A spokesperson for the Ministry of the Interior compared Dy Vichea’s appointment to President Trump promoting his family members to high-ranking positions

Cambodian Prime Minister Hun Sen attend a congress to reform their Cambodian People’s Party (CPP), in Phnom Penh on 19 January 2018 Photo: Mak Remissa/EPA

Cambodia Prime Minister Hun Sen has promoted his son-in-law, Dy Vichea, to deputy chief of the National Police effective 16 January, according to Reuters news agency.
Vichea formerly led the Ministry of Interior’s Central Security Department and is married to the premier’s eldest daughter, Hun Mana, who is the chairwoman of the Kampuchea Thmey Daily and Bayon TV and Radio.
In an interview with the Phnom Penh Post, Khieu Sopheak, a spokesperson for the Ministry of Interior, confirmed that Vichea’s performance within the ministry was indeed worthy of promotion and not, as some might speculate, a case of nepotism.
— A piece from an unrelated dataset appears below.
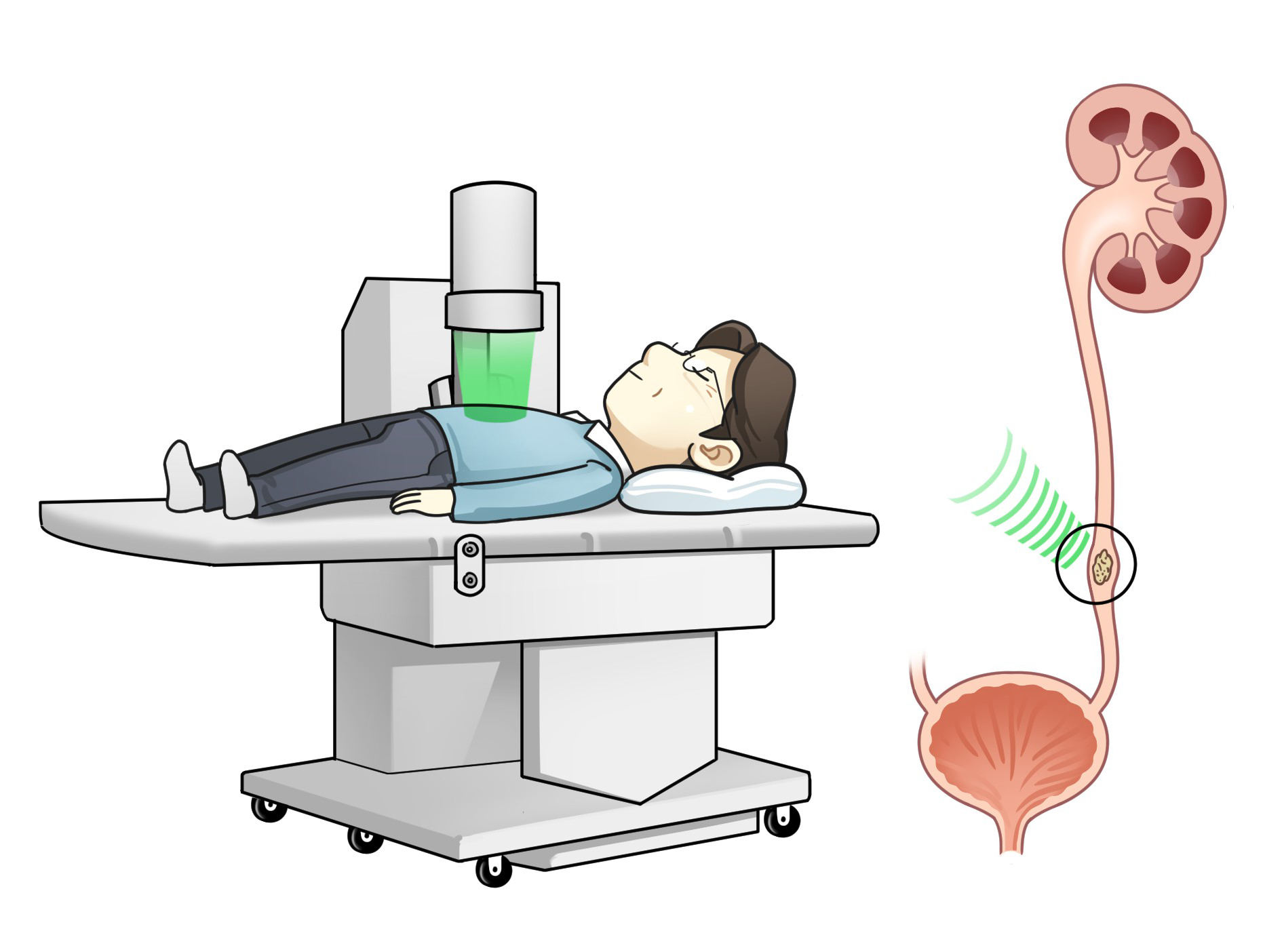 몸 밖에서 충격파를 주어 결석을 파쇄하여 자연 배출이 되도록 유도하는 치료법입니다.

“There is no law in Cambodia that states that [Vichea] cannot get promoted. However, like in the US, when Donald Trump became the president, [his] children got promoted [and] no one said anything, and there is no law, too,” said Sopheak to the Phnom Penh Post.
Sopheak went on to make more comparisons between the premier and Trump in an interview with Reuters, during which he cited the US president’s appointment of his daughter, Ivanka Trump, to be his informal advisor.
Hun Sen’s son-in-law, however, will be coming to his new position with more family history than the US president’s daughter came to hers, as his father, the late Hok Lundy, served as Cambodia’s National Police Chief from 1994 to 2008.
The reaction to Vichea’s appointment has not been met with a positive response from the international community, with US-based Human Rights Watch suggesting the promotion is just Hun Sen’s latest attempt to consolidate power ahead this year’s general election.
“Prime Minister Hun Sen aims to cement total control over Cambodian government and business, and appointing his son-in-law as deputy police chief is part of that ongoing effort,” Phil Robertson, deputy director for Asia at the Human Rights Watch group, told Reuters.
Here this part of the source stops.